DCSIMG

Still Game for bowel screening? You should be

A groundbreaking campaign has been launched to encourage people between the ages of 50 and 74 to participate in bowel screening.

The advert features the voice of Still Game star Ford Kiernan speaking to a man sitting on the toilet, encouraging him to take the bowel screening test.

It carries the message ‘Bowel Cancer. Don’t Take A Chance. Take The Test’ and aims to highlight the fact that bowel cancer is a ‘hidden’ cancer, because the early signs are often not visible.

It also promotes the message that nine out of 10 people will survive bowel cancer if it is detected early.

The drive comes on the back of the Scottish Government’s widely successful breast cancer campaign, featuring Elaine C Smith, which has received over 130,000 views on youtube – the most for any Scottish Government video.

The breast cancer advert has proven to be influential, with over half of women aged over 45 who saw it taking action as a result, such as checking their breasts.

In addition, from April 2013, the bowel screening programme is being extended so that those over the age of 74 will be able to request a screening kit every two years.

Health Secretary Alex Neil met with bowel cancer survivors John Withers and Glasgow-born television presenter, Lynn Faulds Wood today (Monday) to officially launch the bowel cancer campaign.

Mr Neil said: “Bowel cancer is the third most common cancer in Scotland.

“A lot of people are unaware that the early signs of bowel cancer can be hidden and that participating in the bowel screening programme gives the best chance of detecting cancer early.

“The earlier bowel cancer is detected the easier it is to treat and the better the chance of a successful outcome. That is why bowel screening is so important.

“I would urge all men and women, between 50 and 74 to do their screening test when it comes through their door.”

Chief Medical Officer Sir Harry Burns added: “More lives can be saved in Scotland through earlier detection, as the cancer can be treated earlier when it is less aggressive and treatment is more likely to be successful.

“I hope that this campaign will get people talking about bowel screening, and show that screening is the most effective way of detecting bowel cancer early.”

It is part of the Scottish Government’s £30 million Detect Cancer Early drive, which aims to increase the early detection of cancer by 25 per cent.

John Withers, 64, is a retired civil engineer and lives in Kippford, Dumfries and Galloway.

The grandfather of two was diagnosed with cancer three years ago and had his colon removed after taking part in the Scottish Bowel Screening Programme.

John said: “I would not have known that I had bowel cancer until it was very advanced if it hadn’t been for the screening programme.

“There is no doubt that the bowel screening programme saved my life.
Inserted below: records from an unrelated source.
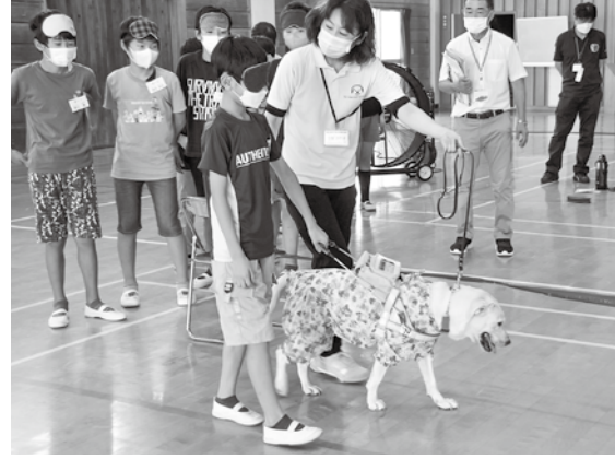
▲アイマスクを付けて盲導犬と歩行体験
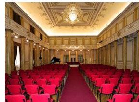
Фойе Театра Верди
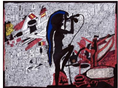
Kiyavash Danesh , Sans titre, Technique mixte sur papier, 29.5 x 41.5 cm, 2024
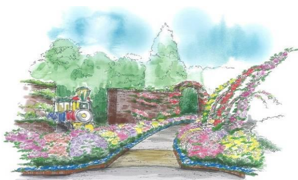
新登場の花壇「時の小道～バラの歩み～」イメージ

また、4月28日(土)からは「ローズフェスティバル」を開催します。昨年大好評だった「ローズガーデン早朝散策デー」が今年も登場。オールドローズが見ごろとなる5月中旬と、ローズガーデン全体が見ごろとなる5月下旬の金・土・日曜に、最もバラが美しい早朝のローズガーデンを散策することができます。さらに、バラの歴史や楽しみ方を熟知したガーデナーによるガイドツアーや、ローズグッズがそろったマルシェなど、イベントが盛りだくさん。華やかなバラとともに、優雅なひとときをお楽しみください。
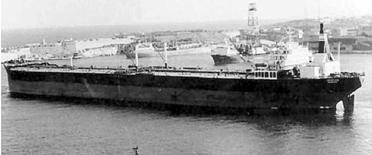
B.nr 526 Hudson Venture (here with new name Gratian ) – photo Dag Bjelke.

Fler bilder, från bildarkivet Kockums Mekaniska Verkstads AB:

I feel very lucky that my birthday triggered the test. I have become a strong advocate for the screening programme and my experience has inspired friends and colleagues to take the test.

“My advice to others is not to be frightened or put off by the bowel screening test. I understand that some people, particularly men, can have an issue with taking a sample but it’s not difficult and those few minutes doing it could save your life. Cancer is not as scary as it once was and it can be very treatable so don’t put off taking the test.”

Television presenter and bowel cancer survivor Lynn Faulds Wood met with Mr Neil today to give her backing to the campaign.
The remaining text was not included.